In the century since then, archaeology has become less of a trophy hunt and more of a science. Excavators now realize that much of their sites' wealth lies in the multitude of details about ordinary folks—what they did, what they thought, how they prayed. Animal mummies are a big part of that pay dirt.

"They're really manifestations of daily life," says Egyptologist Salima Ikram. "Pets, food, death, religion. They cover everything the Egyptians were concerned with." Specializing in zooarchaeology—the study of ancient animal remains—Ikram has helped launch a new line of research into the cats and other creatures that were preserved with great skill and care. As a professor at the American University in Cairo, she adopted the Egyptian Museum's languishing collection of animal mummies as a research project. After taking precise measurements, peering beneath linen bandages with x-rays, and cataloging her findings, she created a gallery for the collection—a bridge between people today and those of long ago. "You look at these animals, and suddenly you say, Oh, King So-and-So had a pet. I have a pet. And instead of being at a distance of 5,000-plus years, the ancient Egyptians become people."
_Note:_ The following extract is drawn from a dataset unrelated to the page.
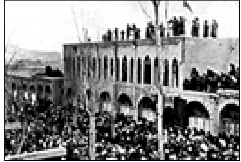
انزال العلم الإيراني ورفع علم جمهورية كردستان في مهاباد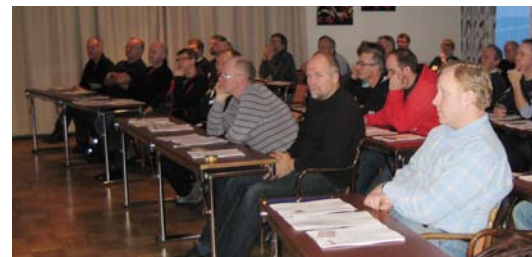
Intresset var stort från de församlade installatörerna, här i Sollefteå.

Today the animal mummies are one of the most popular exhibits in the whole treasure-filled museum. Visitors of all ages, Egyptians and foreigners, press in shoulder to shoulder to get a look. Behind glass panels lie cats wrapped in strips of linen that form diamonds, stripes, squares, and crisscrosses. Shrews in boxes of carved limestone. Rams covered with gilded and beaded casings. A gazelle wrapped in a tattered mat of papyrus, so thoroughly flattened by mummification that Ikram named it Roadkill. A 17-foot, knobby-backed crocodile, buried with baby croc mummies in its mouth. Ibises in bundles with intricate appliqués. Hawks. Fish. Even tiny scarab beetles and the dung balls they ate.
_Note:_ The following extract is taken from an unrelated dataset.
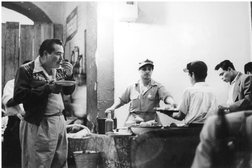
Fig. 6. Hombre que come tacos en un puesto. Col. Sinafo-INAH, núm. de inv. 382144.

de carbón había sido remplazado por una resistente parrilla, incorporándose otros elementos para mejorar las condiciones de venta (como las tablas de madera para picar la carne y los ingredientes y recipientes de cristal para almacenar los condimentos). Finalmente, los tacos les fueron servidos a los clientes en platos, eliminando la práctica de ofrecerlos en la mano.

Some were preserved so that the deceased would have companionship in eternity. Ancient Egyptians who could afford it prepared their tombs lavishly, hoping that their assembled personal items, and everything shown in specially commissioned works of art, would magically be available to them after death. Beginning in about 2950 B.C., kings of the 1st dynasty were buried at Abydos with dogs, lions, and donkeys in their funerary complexes. More than 2,500 years later, during the 30th dynasty, a commoner at Abydos named Hapi-men was laid to rest with his small dog curled at his feet.